Open ghost opened 4 years ago

ghost commented 4 years ago

To improve the user experience for working with multiple DAML projects, we should add the ability to declare dependencies between projects directly, instead of having users manage binary dependencies (DAR files) manually.

The idea is that the user specifies the project folder in dependencies. For example, if you have a project in /home/user/foo that you want to depend on, you would add it to the dependencies field in daml.yaml:

dependencies:
- daml-prim
- daml-stdlib
- /home/user/foo

Then when you run daml build, the compiler will fetch the dependency's DAR file for you, and rebuild the DAR if it needs to be rebuilt. (By contrast, when a user specifies a DAR file directly, nothing can be rebuilt automatically because the sources are not available.)

Limitations:

Progress:

cocreature commented 4 years ago
ghost commented 4 years ago
  • It might still make sense to have an “all or nothing” mode in daml build since daml build --incremental=yes is sadly not deterministic wtr to package ids (on the other hand for dependencies that doesn’t really matter).

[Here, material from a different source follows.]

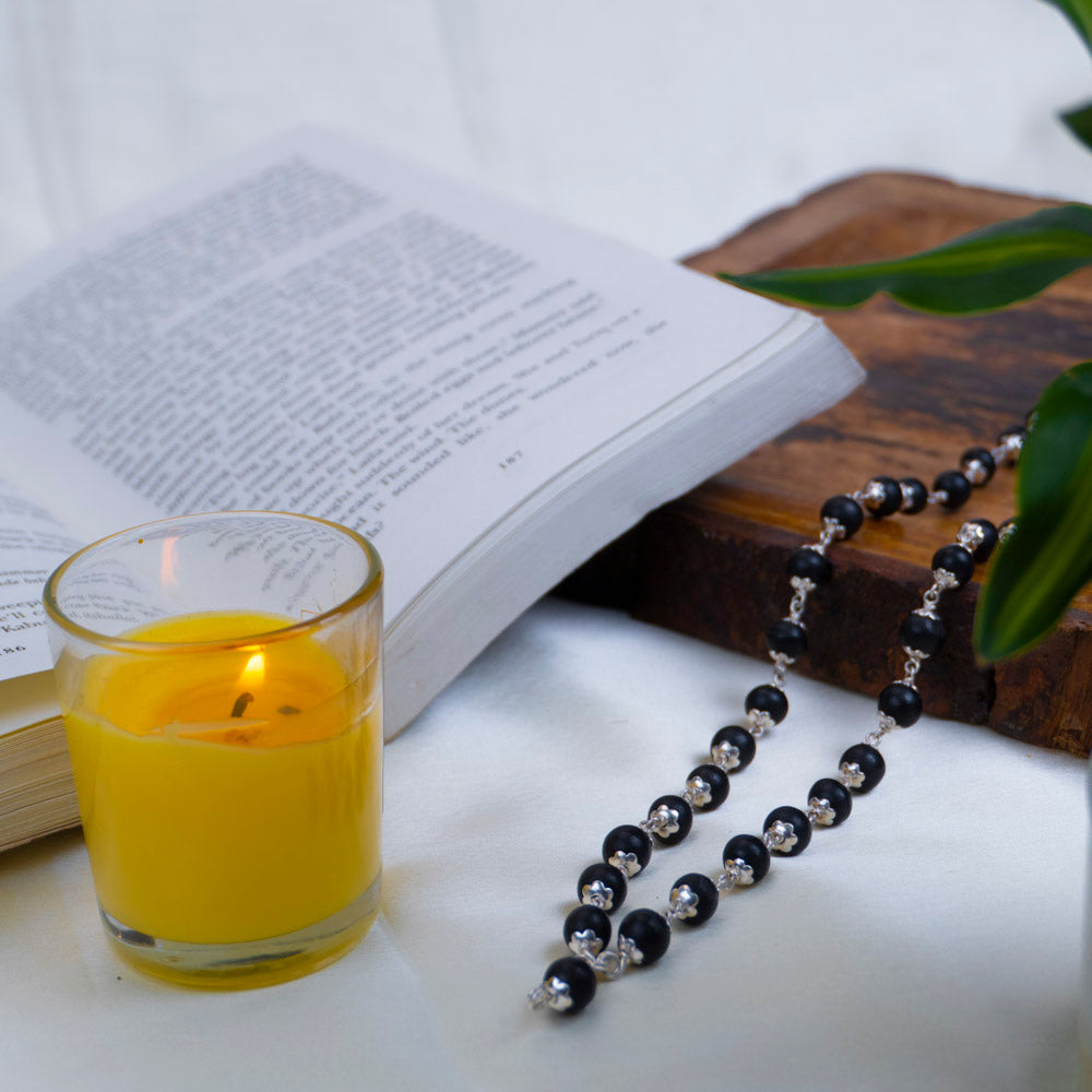Karungali Malai Silver Cap Plated Necklace is a sacred and elegant spiritual accessory crafted from original Karungali (Ebony) wood beads, adorned with high-quality silver-plated caps for a refined finish. Traditionally worn for protection and positive energy, this necklace combines spiritual power with stylish design. Ideal for daily wear, spiritual practices, or gifting purposes, this mala is known for its grounding properties and timeless appeal.

Yes, "all or nothing" is what I was thinking for --cached.

But thinking about how the user-invoked build should also go out and figure out all the source dependencies, transitively, to prevent looping forever when a cycle is encountered ... this means it will also have to determine everything that needs to be rebuilt. So perhaps --cached is a distraction from the real problem, which is to reimplement (a very restricted version of) make. 🙃

  • If we think of this as a stepping stone towards fetching dependencies from a proper package repository, I wonder if it might make sense to just completely ignore the .daml directory of the referenced project and instead try to always recompile it somewhere in .daml/deps of the current project and only cache that. That is less convenient for references to local folders but it means that there is basically no difference between the project coming from the package repository and a local reference.

I like this, I think it might be better than what I was thinking. Definitely worth trying.

Though I would still run daml build in the dependency's folder when building the dependency, and just pass a different -o. My reasoning here is to respect the build-options of the dependency, and whatever else may be relevant.

  • Somewhat related to the previous point is the IDE question. If you reference a local folder it would in principle be possible to work on both of them at the same time and have changes propagate through. However, that is not super easy to accomplish and it doesn’t make sense if you reference something from a package repository so I wouldn’t focus on this for now.

Agreed ... we can figure that out later.

cocreature commented 4 years ago

My reasoning here is to respect the build-options of the dependency, and whatever else may be relevant.

I would just have copied the daml.yaml over for that but either way that seems like a minor detail that we can figure out later and potentially change if the other option turns out to be more convenient :slightly_smiling_face:

garyverhaegen-da commented 4 years ago

Slightly tangential comment: if we have source dependencies and we aim for git integration, i.e. the ability to specify a dependency as url, sha, path in daml.yaml, we may not need to develop, maintain and host a package repository at all.